Primary Outcome Measures

Name	Time	Method
Dynamic pulmonary function	approximately 6 days after surgery	Vital capacity (l), FVC: forced vital capacity (l), FEV1: forced expiratory volume in 1 second (l).Diagnosis of normal/obstructive/restrictive lungfunction. Evolution after surgery.
Pulmonary function (Volumes)	approximately 6 days after surgery	Inspiratory capacity (l), Functional residual capacity (l) ,Residual volume (l),Total lung capacity (l). Diagnosis of normal/obstructive/restrictive lungfunction.
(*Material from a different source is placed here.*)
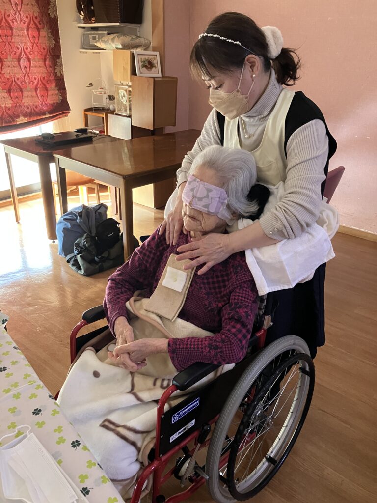 施術されながら「思い出話が広がってとても楽しくてしあわせでした」「頭があたたかくなって気持ちよかったわ」という声をたくさんいただきました。「この気持ちいいという感覚は”幸せホルモン”がたくさん出ていることなんですよ」と施術者。みなさんの体にたくさんの幸せホルモンがあふれた時間のようでした。

Evolution after surgery.

Secondary Outcome Measures

Name	Time	Method
Respiratory Muscle Strength Test	6 days after surgery	Maximum inspiratory pressure (MIP)
Hand grip strength	6 days after surgery	Evaluation of hand grip strength using a Martin Vigorimeter
CRP	6 days after surgery	C-reactive protein, evaluation inflammatory status
post-operative pulmonary complications	early post-operative period (day0 - day7)	Melbourne Group Scale (MGS), tool for recognition of postoperative pulmonary complications (PPC), based on 1) Temperature \>38◦C 2)White blood cell count \>11.2 or the use of respiratory antibiotics 3)Physician diagnosis of pneumonia or chest infection 4)Chest X-ray report of atelectasis/pneumonia 5)Production of purulent (yellow/green)sputum differing from preoperative 6)Positive signs on sputum microbiology 7)SpO2\<90% on room air 8)Re-admission to or prolonged stay (over36 hours) on the intensive care unit/highdependency unit for respiratory problems. Postoperative pulmonary complications are defined as a score of four or more positive variables. the occurence of PPC is an endpoint in this study.